Genetic Diversity and Mutation

What are the three main components of a DNA nucleotide? (Slide 2)

• 5-carbon sugar (deoxyribose)

• Phosphate group attached to the 5′ carbon

• Nitrogenous base attached to the 1′ carbon

What forms the backbone of DNA? (Slide 2)

• Covalent bonds between phosphate and sugar

• Creates the backbone that gives structure

• Bases encode the genetic information

What is directionality in DNA strands? (Slide 3)

• DNA strands have chemically different ends

• 5′ end: free phosphate  3′ end: free hydroxyl group

• Nucleotides can be added only to the 3′ end

• DNA and RNA built in the 5′ → 3′ direction

What are the two classes of nitrogen bases? (Slide 4)

• Purines: Adenine (A) and Guanine (G)

• Pyrimidines: Cytosine (C), Thymine (T); Uracil (U) appears only in RNA

How are two DNA strands held together? (Slide 5)

• Hydrogen bonds between complementary bases

• A–T pairs and G–C pairs

• Base pairing allows complementarity – each strand predicts the other

Describe double-stranded DNA structure. (Slide 5)

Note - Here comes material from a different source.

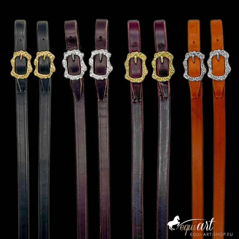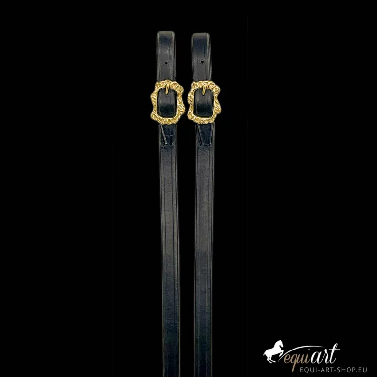 Kandarenzügel Aveiro Die Zügel aus weichem Leder haben eine Gesamtlänge von 2,9 m. Sie sind in schwarz, braun, havanna und cognac erhältlich. Die barocken Cortesia-Schnallen können wahlweise in silber oder messing sein.
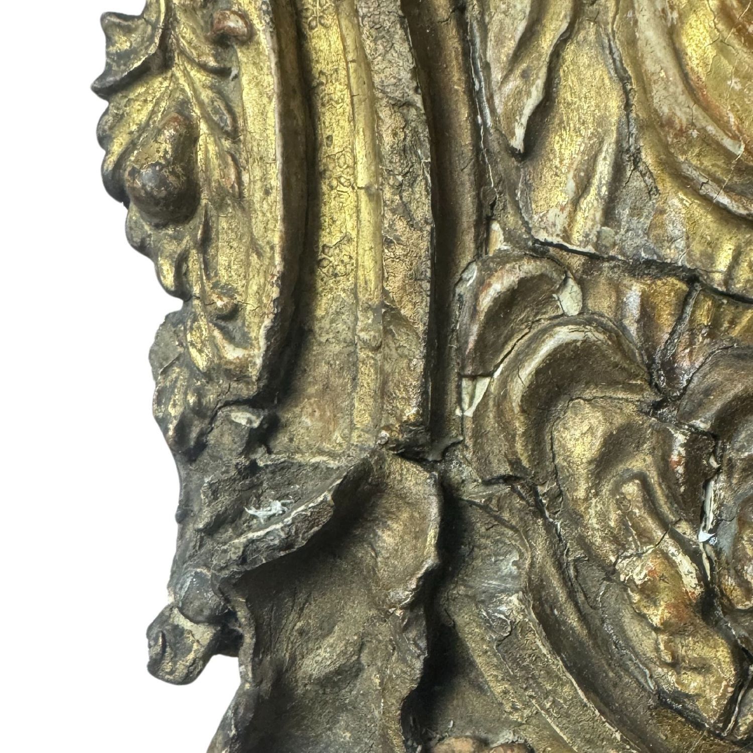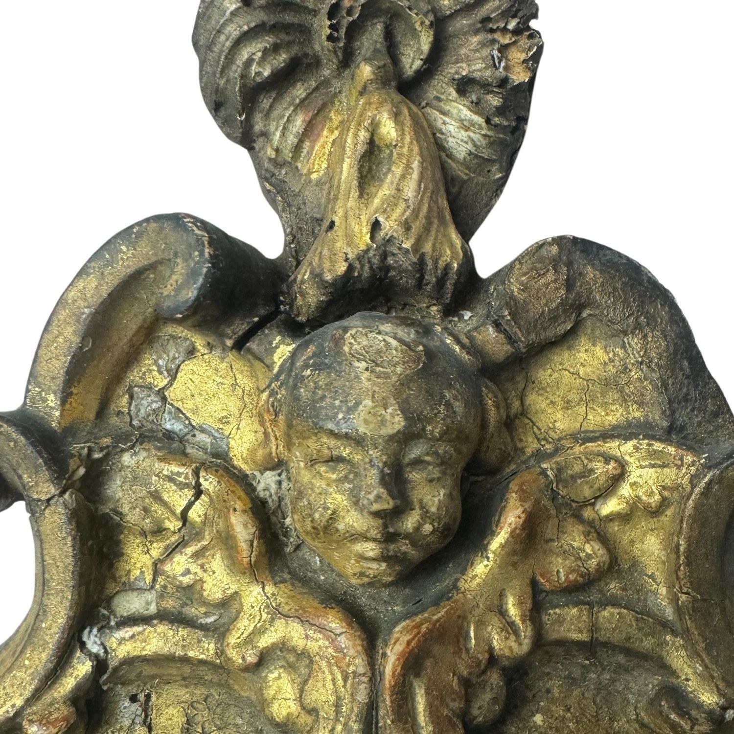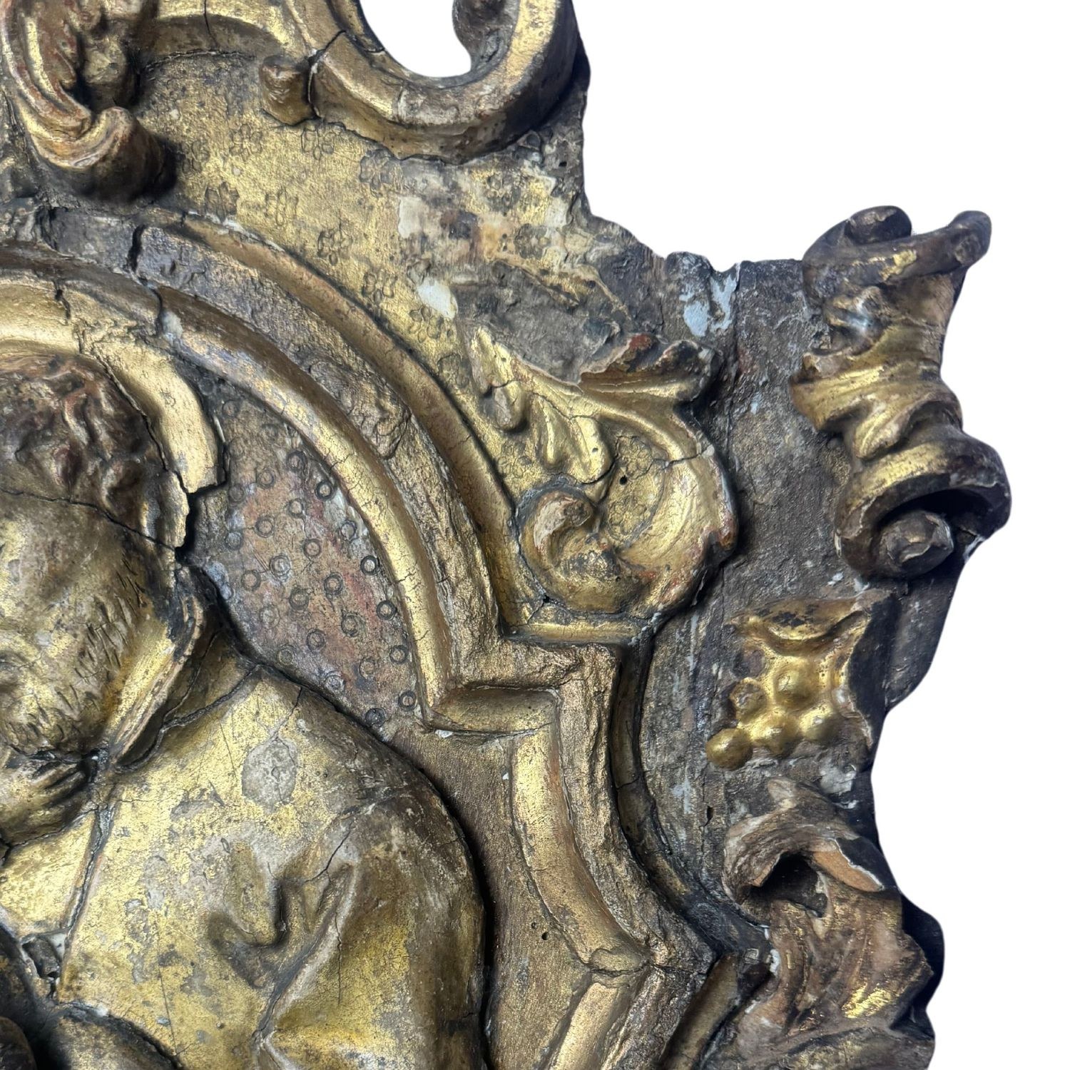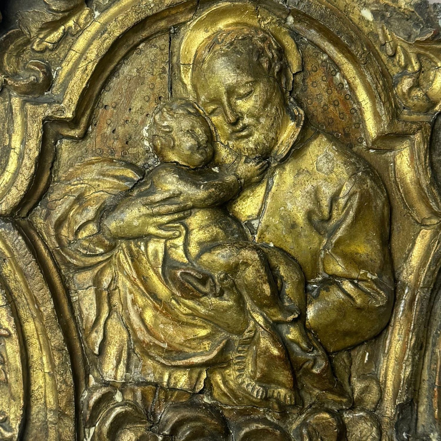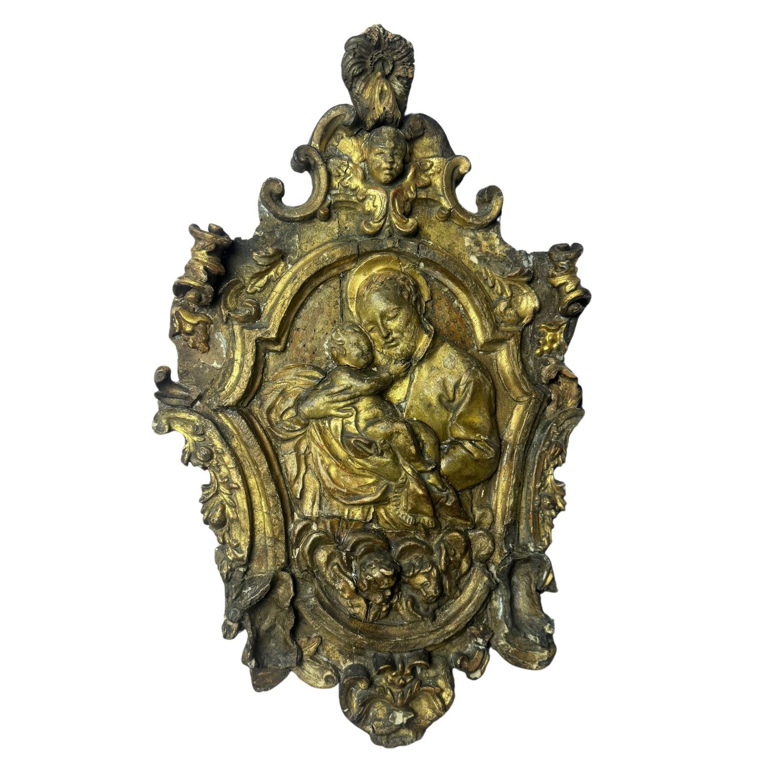 Gilded wooden sculpture and saint in scagliola, depicting Saint Joseph with child and cherubs. 18th-century period.

• Two strands run antiparallel

• Twisted into a double helix

• Backbones → outside; bases → inside

What are the major and minor grooves? (Slide 6)

• Major groove: wider space between backbones

• Minor groove: narrower space

• Grooves alternate and serve as binding sites for proteins

How do bacteria reproduce? (Slide 7)

• By binary fission (asexual)

• Chromosome copied once per division

• Daughter cells are genetically identical clones

Where is the bacterial chromosome located? (Slide 8)

• In the nucleoid region

• Circular chromosome (no ends)

• Compact via supercoiling

What is supercoiling and why is it important? (Slide 8)

• DNA helix twisted around itself

• Reduces size and fits DNA inside the cell

• Organizes and stabilizes the chromosome

Where does replication begin in bacteria? (Slide 9)

• At the origin of replication (oriC)

• DNA must be unwound and separated

• Step is called initiation

Which protein initiates DNA replication? (Slide 9)

• DnaA binds multiple sites at oriC

• Hydrolyzes ATP to unwind DNA

• Opens A–T-rich DUE regions

Why are A–T pairs favored at oriC? (Slide 9)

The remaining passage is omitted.